### WORK TASK
Could you repeat the entries below exactly, but only from the line with "Gilbert & George" through the line with "Mal die selten", and without any picture?

### AVAILABLE DATA
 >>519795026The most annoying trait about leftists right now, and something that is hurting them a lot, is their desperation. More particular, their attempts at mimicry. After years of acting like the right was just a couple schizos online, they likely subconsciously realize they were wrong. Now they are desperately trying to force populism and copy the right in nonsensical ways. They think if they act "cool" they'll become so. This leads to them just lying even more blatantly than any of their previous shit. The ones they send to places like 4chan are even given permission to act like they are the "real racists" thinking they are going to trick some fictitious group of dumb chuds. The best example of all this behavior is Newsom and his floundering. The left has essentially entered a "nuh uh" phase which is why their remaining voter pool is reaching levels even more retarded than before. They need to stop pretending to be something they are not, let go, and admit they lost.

* * *

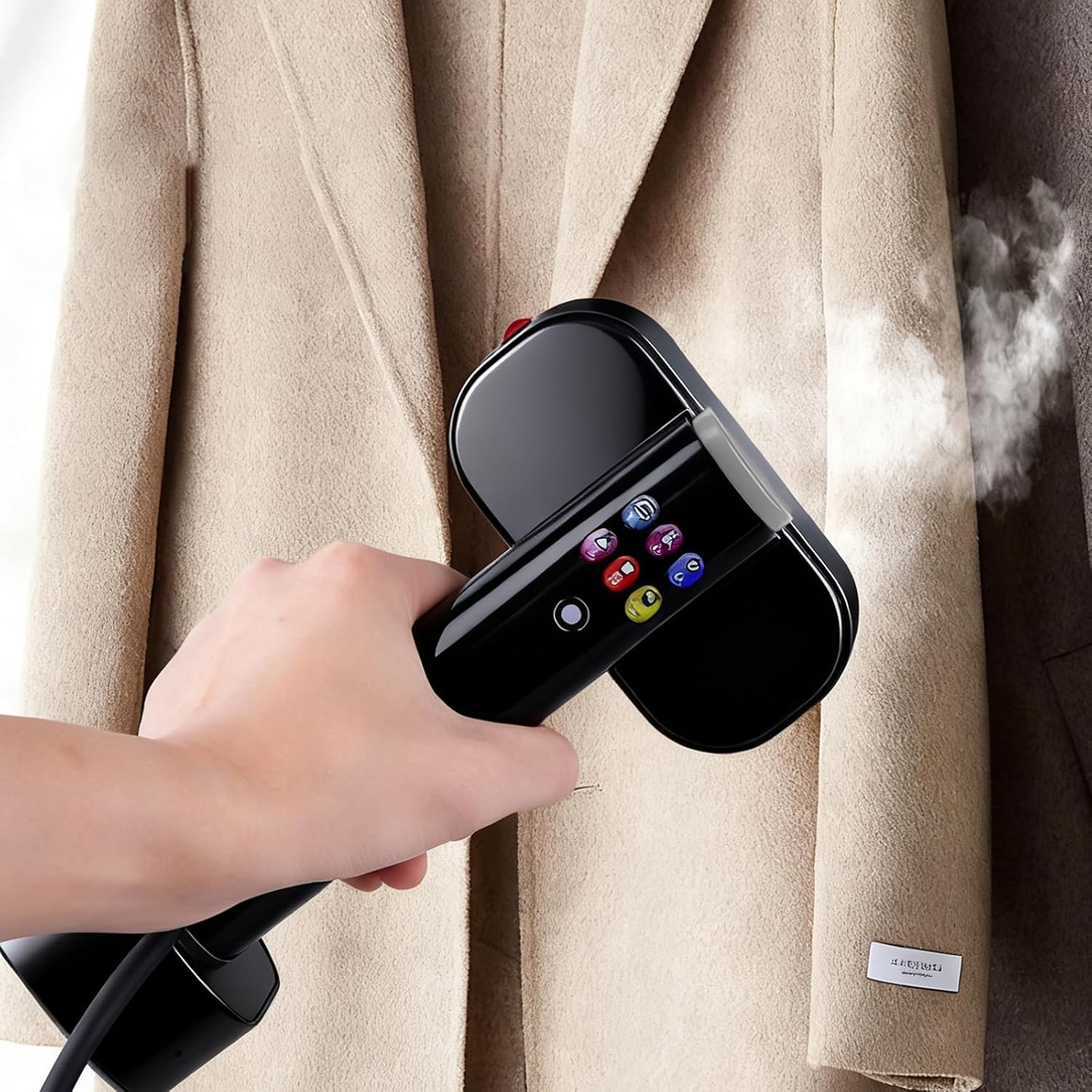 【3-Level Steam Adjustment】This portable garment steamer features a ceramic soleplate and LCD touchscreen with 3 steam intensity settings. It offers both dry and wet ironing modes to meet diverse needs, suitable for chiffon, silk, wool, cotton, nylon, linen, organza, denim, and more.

---

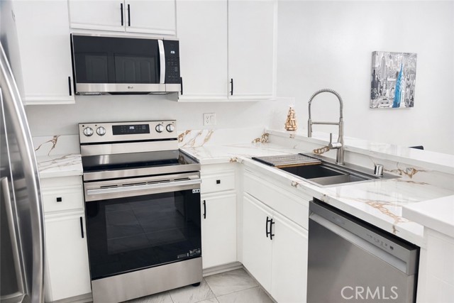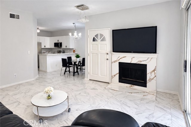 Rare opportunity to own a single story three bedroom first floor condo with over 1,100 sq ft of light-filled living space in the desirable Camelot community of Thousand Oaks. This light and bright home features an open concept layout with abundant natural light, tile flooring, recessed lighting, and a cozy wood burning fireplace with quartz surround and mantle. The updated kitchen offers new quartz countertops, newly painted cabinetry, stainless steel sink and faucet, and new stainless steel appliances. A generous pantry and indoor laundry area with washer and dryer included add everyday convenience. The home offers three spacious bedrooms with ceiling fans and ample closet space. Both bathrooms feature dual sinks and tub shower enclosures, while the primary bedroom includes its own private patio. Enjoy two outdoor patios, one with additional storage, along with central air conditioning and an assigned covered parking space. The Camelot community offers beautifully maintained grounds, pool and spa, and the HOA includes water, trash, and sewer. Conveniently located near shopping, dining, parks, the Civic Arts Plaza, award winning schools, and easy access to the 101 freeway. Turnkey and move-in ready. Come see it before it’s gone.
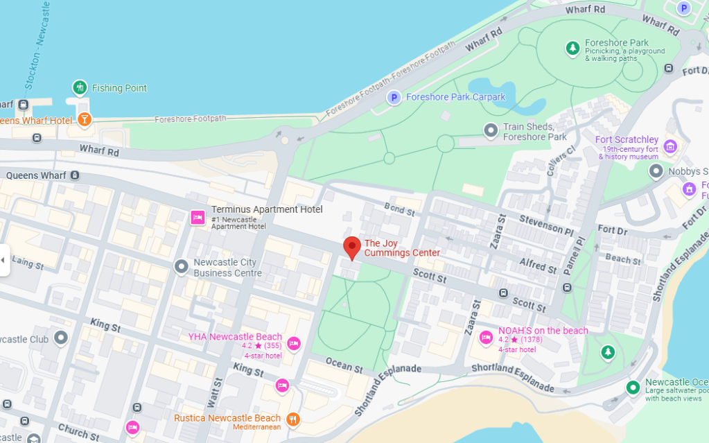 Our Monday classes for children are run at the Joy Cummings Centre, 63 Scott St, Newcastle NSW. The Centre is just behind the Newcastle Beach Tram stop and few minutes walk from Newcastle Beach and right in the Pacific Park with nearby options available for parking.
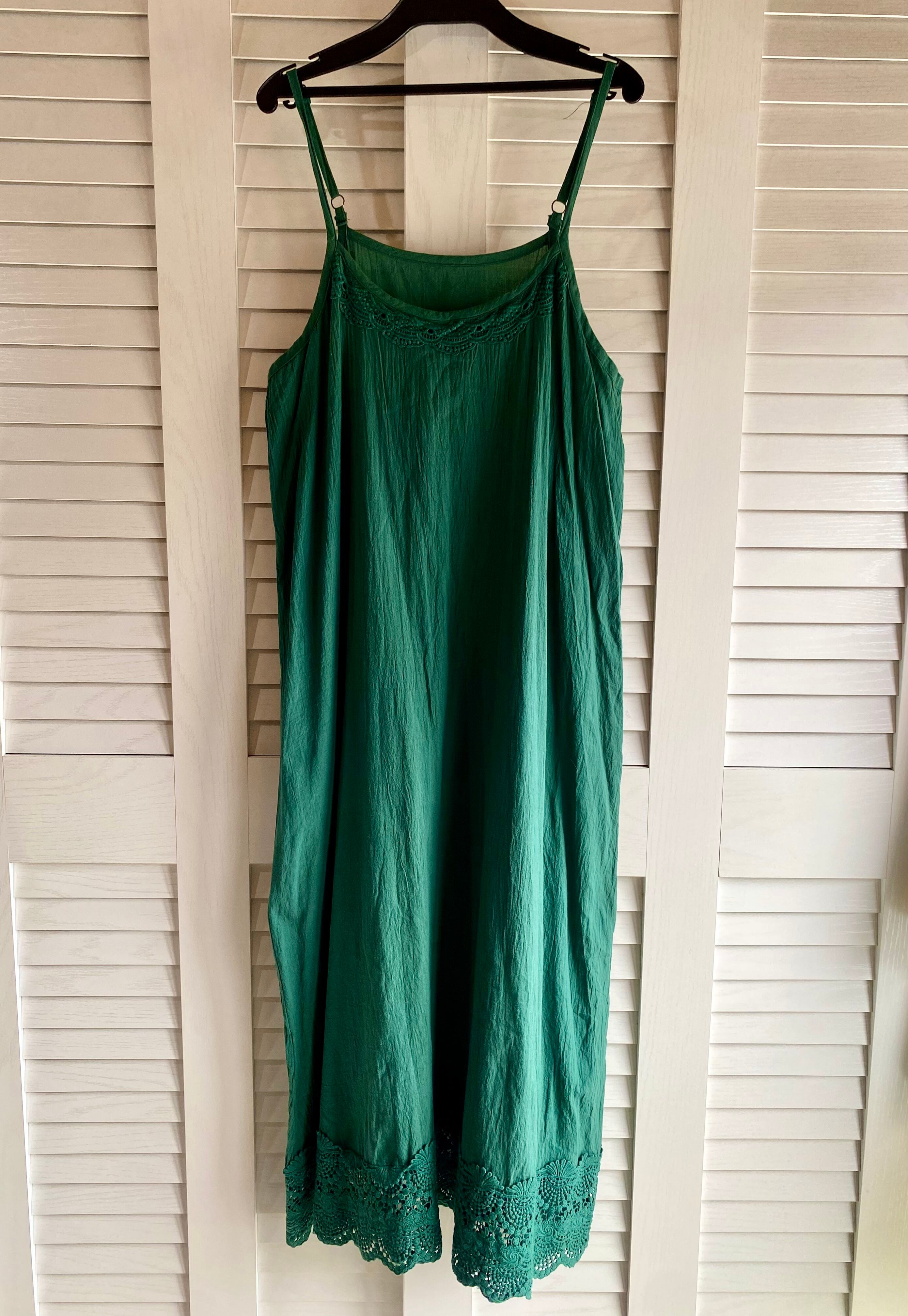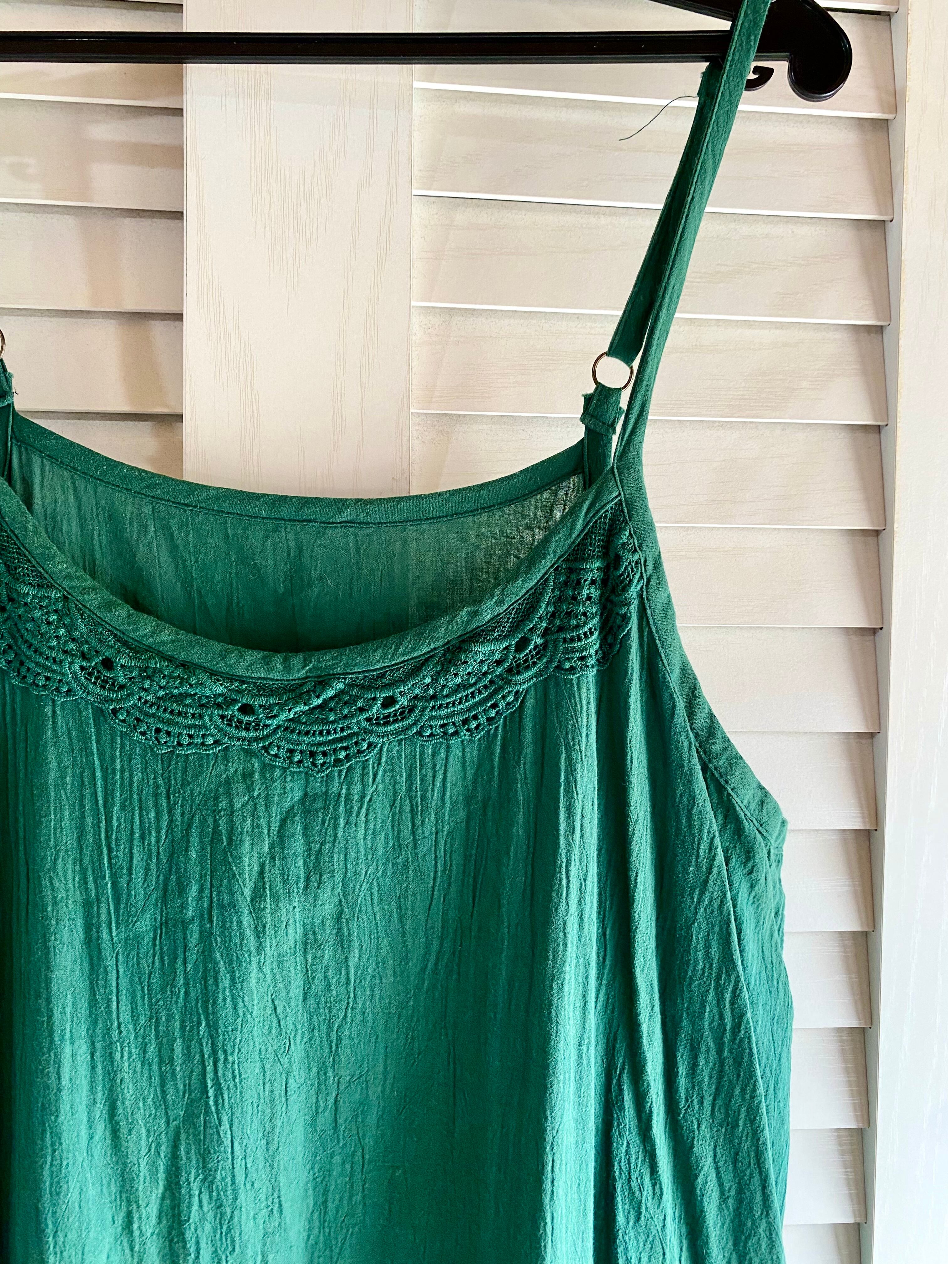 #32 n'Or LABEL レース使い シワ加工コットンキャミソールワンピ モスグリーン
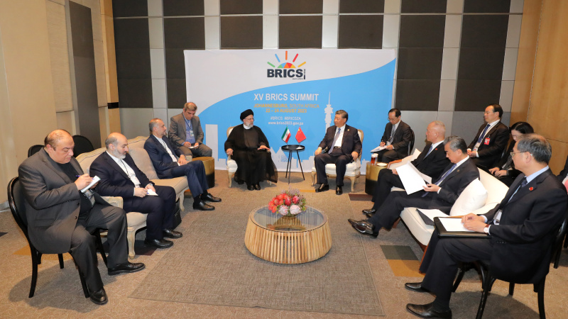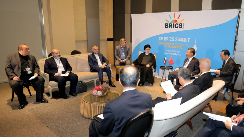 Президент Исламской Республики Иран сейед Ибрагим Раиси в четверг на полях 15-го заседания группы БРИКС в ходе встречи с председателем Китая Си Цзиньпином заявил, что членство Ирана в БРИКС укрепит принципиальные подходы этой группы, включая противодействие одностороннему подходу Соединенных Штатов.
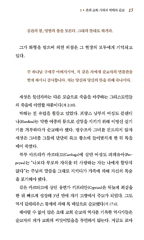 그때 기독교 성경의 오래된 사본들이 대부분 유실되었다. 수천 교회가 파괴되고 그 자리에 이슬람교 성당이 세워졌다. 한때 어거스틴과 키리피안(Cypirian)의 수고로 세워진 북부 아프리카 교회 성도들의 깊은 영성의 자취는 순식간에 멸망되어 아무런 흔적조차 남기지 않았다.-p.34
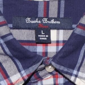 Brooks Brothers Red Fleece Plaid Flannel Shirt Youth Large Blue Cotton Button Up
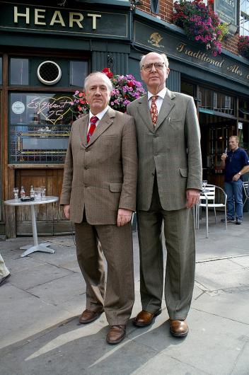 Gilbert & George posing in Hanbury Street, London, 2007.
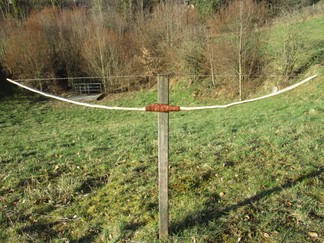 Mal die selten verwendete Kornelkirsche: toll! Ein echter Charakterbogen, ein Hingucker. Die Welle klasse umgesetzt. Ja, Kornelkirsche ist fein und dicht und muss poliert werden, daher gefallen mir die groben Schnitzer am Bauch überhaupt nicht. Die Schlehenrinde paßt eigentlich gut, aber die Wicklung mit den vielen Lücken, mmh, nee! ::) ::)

### RESULT OF THE TASK
 Gilbert & George posing in Hanbury Street, London, 2007.
 Mal die selten verwendete Kornelkirsche: toll! Ein echter Charakterbogen, ein Hingucker. Die Welle klasse umgesetzt. Ja, Kornelkirsche ist fein und dicht und muss poliert werden, daher gefallen mir die groben Schnitzer am Bauch überhaupt nicht. Die Schlehenrinde paßt eigentlich gut, aber die Wicklung mit den vielen Lücken, mmh, nee! ::) ::)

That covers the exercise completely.